Psikiyatri nedir?
Ülkemizin her yerinde “deli” damgasının yarattığı engellemelerin önüne geçmek, biz psikiyatristler (psikiyatri hekimi), psikologlar, sosyal çalışmacılar ve ruh sağlığı hemşireleri gibi ruh sağlığı çalışanlarının başlıca yükümlülükleri arasındadır.
Psikiyatrik hastalıklar beynin duygu, düşünce ve davranışlarla ilgili işlevlerinin bozulmasıyla kendini gösterir. Örneğin, beyin urlarına bağlı ruhsal hastalıklarda bedensel değişiklikler öndeyken, olağan dışı olaylara tepki olarak ortaya çıkan ruhsal travmalarda ise dış etkenler öndedir. Psikiyatri bu hastalıkların tanı ve tedavileriyle uğraşan bir tıp dalıdır.
Ruh-zihin gibi kavramların bedenin işlevlerinden ayrı olduğu düşüncesi yaygındır. Bizler, “ruh” kavramını beynin duygu, düşünce gibi işlevleri olarak tanımlarız. Bu nedenle ruhsal “hastalıklar” aslında ruhsal işlev “bozuklukları” şeklinde tanımlanırlar.
Psikiyatrik (ruhsal) bozuklukların tedavisinde birbirinden farklı yöntemler uygulanır. Doğrudan bedene uygulanan yöntemlerin (ilaç, elektroşok tedavisi vb.) yanı sıra, insanın duygusal, düşünsel özelliklerini veya toplumsal ilişkilerindeki olayları hedef alan yöntemler de (psikoterapi-terapi) vardır.

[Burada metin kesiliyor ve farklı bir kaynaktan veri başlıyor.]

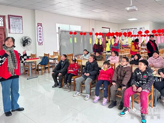 大二護(hù)理專(zhuān)業(yè)的丁佳慧在2021年就加入了學(xué)校的“星火支教”團(tuán)隊(duì),寒假回到家鄉(xiāng)麻城后,她組建“閱而有味讀書(shū)會(huì)”。在春節(jié)期間,聯(lián)合麻城市公益組織——青力締造服務(wù)隊(duì),一起走進(jìn)麻城市三河口鎮(zhèn)碧楓沖村委會(huì)留守兒童之家,為30多個(gè)小朋友留守的兒童送去溫暖禮包,陪他們做游戲,并為他們帶去了別開(kāi)生面的花燈制作課。
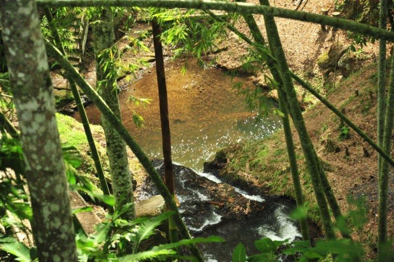 2. Zona de Baño Natural: Acceso a la caída de agua cristalina rodeada de paredes de roca y guaduales, perfecta para un baño refrescante.

Bu yöntemler ancak eğitim almış kişilerce uygulanabilir. “Psikiyatrist yalnızca ilaç verir, psikiyatrist terapi yapamaz, sadece psikolog terapi yapar” gibi bilgiler tamamen yanlıştır. Psikolog, 4 yıllık Fen-Edebiyat Fakültesi Psikoloji bölümünden mezun olmuş, psikoloji bilimiyle ilgilenen, psikolojik testleri uygulayabilen ve araştırmalarda önemli yerleri olan kişilere denir. Eğer bu kişiler daha sonra klinik psikoloji üzerine en az 2 yıl süren bir yüksek lisans/doktora eğitimi alırlarsa “Klinik psikolog” olurlar. Bunun dışında ek olarak onaylanmış bir “psikoterapi” eğitimi alırlarsa “terapi” yöntemi ile hasta tedavi edebilme yetkisine sahip olurlar. Bu kişiler terapi dışındaki diğer tedavi yöntemlerini kullanamazlar.
Ruh sağlığı sorunları tüm toplumu etkiler ve yeti yitimine yol açar: Yeti yitimi kişinin kendinden beklenen iş, okul, ev hayatlarındaki toplumsal rollerini ve kendine bakabilme işlevlerini giderek kaybetmesi veya aksatması anlamına gelir. Dünya Sağlık Örgütü’nün bir araştırmasında, dünyada yeti yitimine en çok yol açan 10 hastalıktan beşi arasında ruhsal hastalıkların bulunduğu gösterilmiştir. (Ruhsal bozukluklar altı çizili olarak belirtilmişlerdir):
1. Depresyon
2. Demir eksikliği anemisi (Kansızlık)
3. Düşme ve ev kazaları
4. Alkol kullanımı
5. Kronik kısıtlayıcı akciğer hastalığı
6. Bipolar bozukluk
7. Doğumsal anormallikler
8. Osteoartritis
9. Şizofreni
10. Obsesif kompülsif bozukluk
Dünya Sağlık Örgütü’ne göre; 2020’de depresyon, gelişmekte olan toplumlarda özellikle kadınlarda en çok yeti yitimine yol açan hastalık olacaktır. Ayrıca 2020’de tütün kullanımına bağlı hastalıklardan kaynaklanan yeti yitiminin de öne geçeceği belirtilmektedir.
Dünya Sağlık Örgütü son verilerine göre ülkemizdeki ruh sağlığına ayrılan yatak sayısı olması gerekenin onda biridir (7 bin/70 bin). Aynı şekilde ruh sağlığı hemşiresi, sosyal hizmet uzmanı, psikolog vb. diğer ruh sağlığı çalışanları sayısı da oldukça düşüktür. Son yıllarda bu nedenle Sağlık Bakanlığı tarafından her ilde birer “Toplum Ruh Sağlığı Merkezi” oluşturulması yönünde çalışmalar devam etmektedir.
Unutmayalım, Ruh ve beden sağlığı bir bütündür. Gerçek delilik ruh sağlığının bozuk olmadığını iddia ederken öte yandan ruhsal acı çekmektir.